When I was in Wadi Rum for the first time, I saw the Wadi Rum station and stopped here to have a look as well. There I also saw the train standing and took several pictures of it. At the time, I couldn’t imagine the train actually running. It looked like it had been standing there for years, though I did see that the carriages looked neat. The 1916 train journey in the Wadi Rum shows you how the Arabs rebelled against the Ottoman Empire. In 1916, this resulted in fighting from the ground and from the train.
I can give this away in advance. You really should do this trip during your visit to the Wadi Rum. An impressive show reenacting the Arab uprising for you when you book the free 1916 train ride in the Wadi Rum.

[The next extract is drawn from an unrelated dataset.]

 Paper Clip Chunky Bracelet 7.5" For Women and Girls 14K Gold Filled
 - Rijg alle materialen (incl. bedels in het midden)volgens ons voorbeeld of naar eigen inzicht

The 1916 train journey in the Wadi Rum, Jordan
Journey through 1916
Now when I returned to Wadi Rum, a fellow traveller received an email from the Jordan Pass application. It said you could apply to experience the journey through 1916. The train journey through 1916 in the Wadi Rum would take an hour and in the process you would get to see a show. We had no idea what to imagine but of course we were going to! The day we went into the wadi rum to spend the night in a tented camp, we booked the 1916 train journey.
Waiting for the old train – Train Journey through 1916
We were given a location and it turned out to be a few km away, in the middle of the desert at a railway crossing. Strange…but yes there were already more people waiting, seemingly in The Middle of Nowhere. I was waiting outside with travelling companion Pauline while the rest were in the air-conditioning of our bus. We saw the rails being cleared of the superfluous desert sand by a man with a shovel. Surely the track seemed to be really unused and totally covered in sand. We waited expectantly until suddenly a wind blew and we seemed to be caught in a sandstorm. Still, we got back in the car to wait.
The website also notes that the train may be cancelled due to a sandstorm, among other things.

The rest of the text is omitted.